**What needs to be done:**
Repeat only the lines below that run from the line with "短视频平台的热度催生了一整套" to the line with "お引き取りした冷蔵庫は、外装", ends included; skip every picture.

**Material for this task:**
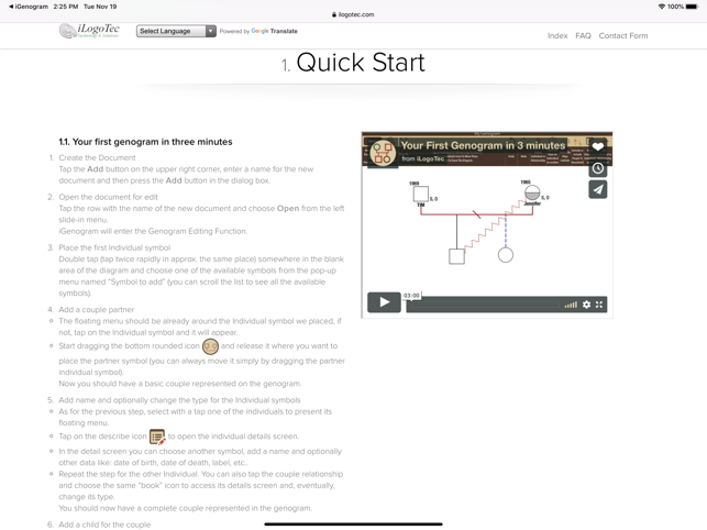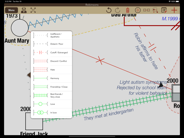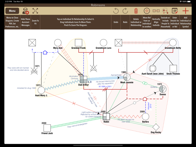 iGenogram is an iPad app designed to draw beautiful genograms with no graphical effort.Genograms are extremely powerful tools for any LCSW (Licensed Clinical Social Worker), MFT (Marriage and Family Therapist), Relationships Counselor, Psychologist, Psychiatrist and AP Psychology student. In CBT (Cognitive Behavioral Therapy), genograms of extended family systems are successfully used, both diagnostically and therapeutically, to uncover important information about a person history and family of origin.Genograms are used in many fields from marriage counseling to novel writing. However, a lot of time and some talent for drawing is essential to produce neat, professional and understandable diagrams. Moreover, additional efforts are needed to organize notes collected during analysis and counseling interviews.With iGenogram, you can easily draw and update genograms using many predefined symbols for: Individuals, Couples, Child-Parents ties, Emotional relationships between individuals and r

==

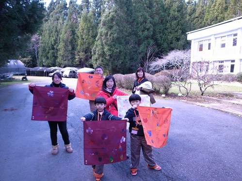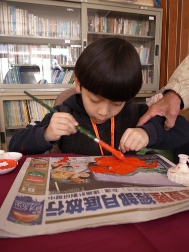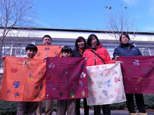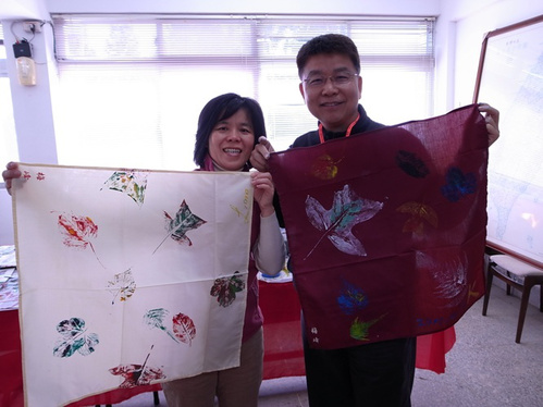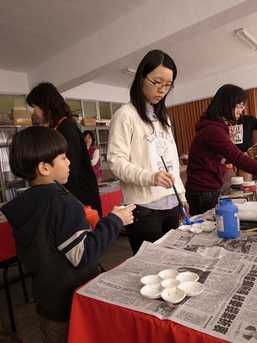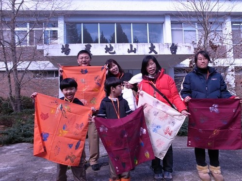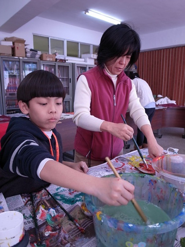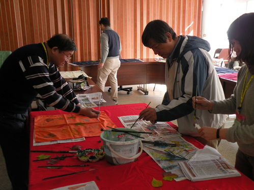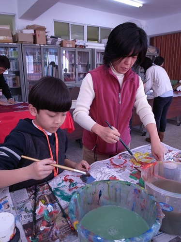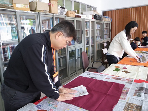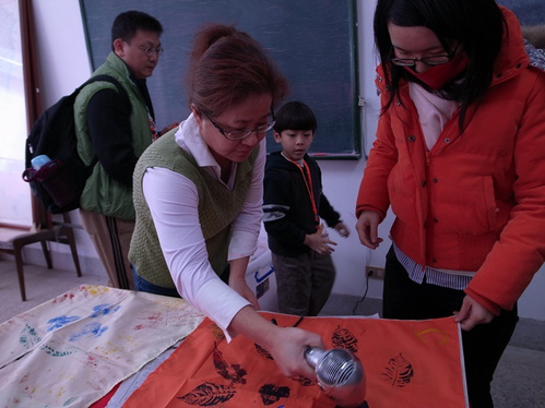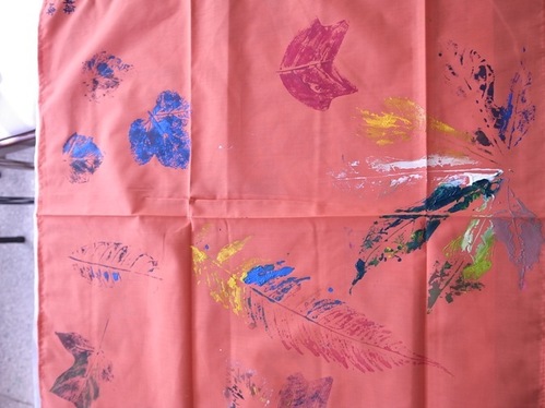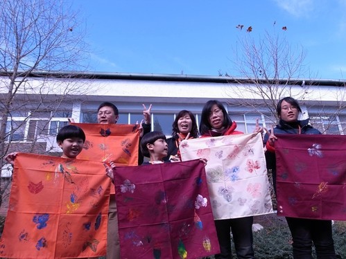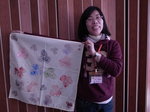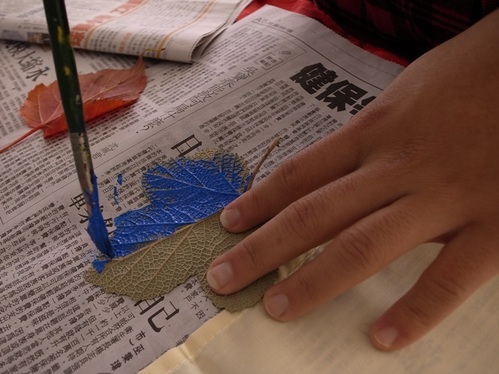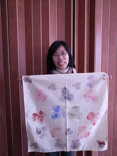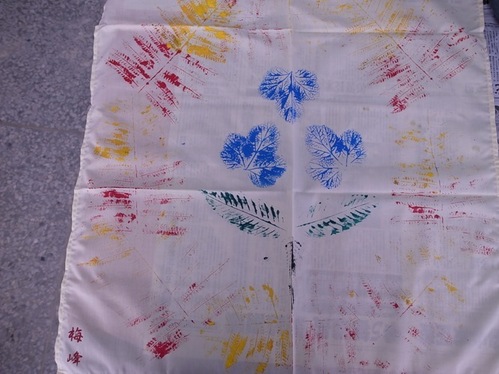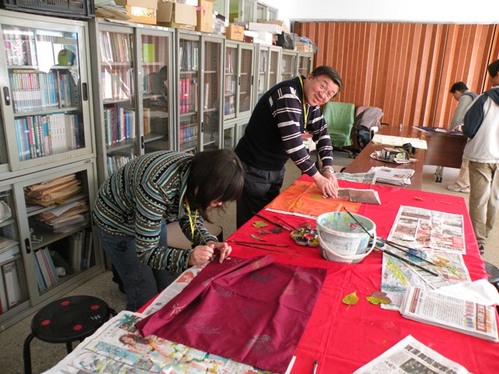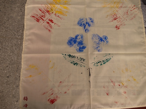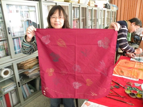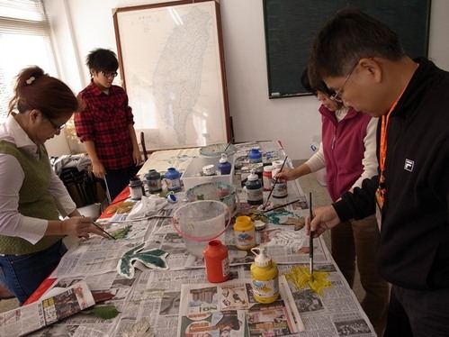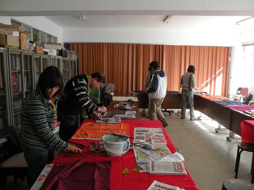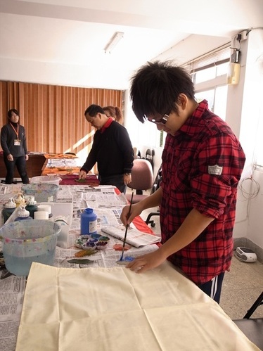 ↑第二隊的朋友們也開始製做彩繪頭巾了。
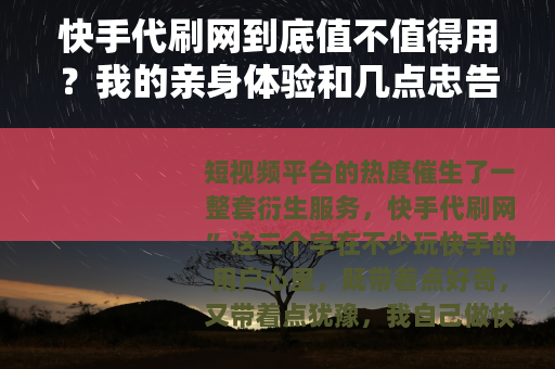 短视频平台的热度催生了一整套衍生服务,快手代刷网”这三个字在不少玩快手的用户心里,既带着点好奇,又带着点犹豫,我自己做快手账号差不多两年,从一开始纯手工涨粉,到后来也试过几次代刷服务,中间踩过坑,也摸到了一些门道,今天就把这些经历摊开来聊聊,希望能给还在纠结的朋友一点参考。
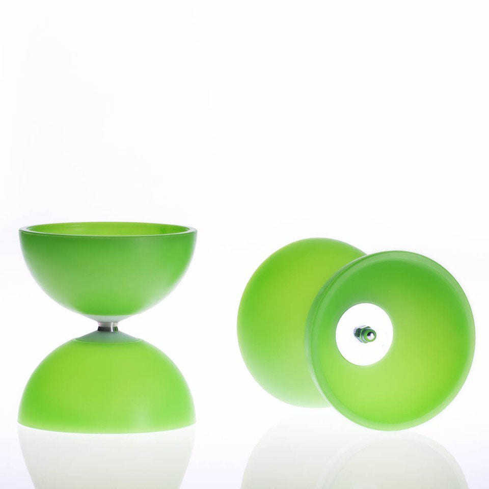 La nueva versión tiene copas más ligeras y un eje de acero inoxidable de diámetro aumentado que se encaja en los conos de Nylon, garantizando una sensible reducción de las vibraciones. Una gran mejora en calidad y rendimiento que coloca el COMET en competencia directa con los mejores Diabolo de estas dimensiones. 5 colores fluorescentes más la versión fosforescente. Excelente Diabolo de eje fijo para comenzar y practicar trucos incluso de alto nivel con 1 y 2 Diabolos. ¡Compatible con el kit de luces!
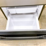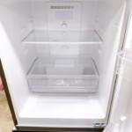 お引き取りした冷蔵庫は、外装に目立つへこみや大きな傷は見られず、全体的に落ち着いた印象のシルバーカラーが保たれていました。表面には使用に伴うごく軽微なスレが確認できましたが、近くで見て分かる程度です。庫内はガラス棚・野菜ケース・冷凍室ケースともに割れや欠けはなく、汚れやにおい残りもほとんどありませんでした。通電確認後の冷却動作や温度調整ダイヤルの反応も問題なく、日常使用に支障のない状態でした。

**Response area:**
 短视频平台的热度催生了一整套衍生服务,快手代刷网”这三个字在不少玩快手的用户心里,既带着点好奇,又带着点犹豫,我自己做快手账号差不多两年,从一开始纯手工涨粉,到后来也试过几次代刷服务,中间踩过坑,也摸到了一些门道,今天就把这些经历摊开来聊聊,希望能给还在纠结的朋友一点参考。
 La nueva versión tiene copas más ligeras y un eje de acero inoxidable de diámetro aumentado que se encaja en los conos de Nylon, garantizando una sensible reducción de las vibraciones. Una gran mejora en calidad y rendimiento que coloca el COMET en competencia directa con los mejores Diabolo de estas dimensiones. 5 colores fluorescentes más la versión fosforescente. Excelente Diabolo de eje fijo para comenzar y practicar trucos incluso de alto nivel con 1 y 2 Diabolos. ¡Compatible con el kit de luces!
 お引き取りした冷蔵庫は、外装に目立つへこみや大きな傷は見られず、全体的に落ち着いた印象のシルバーカラーが保たれていました。表面には使用に伴うごく軽微なスレが確認できましたが、近くで見て分かる程度です。庫内はガラス棚・野菜ケース・冷凍室ケースともに割れや欠けはなく、汚れやにおい残りもほとんどありませんでした。通電確認後の冷却動作や温度調整ダイヤルの反応も問題なく、日常使用に支障のない状態でした。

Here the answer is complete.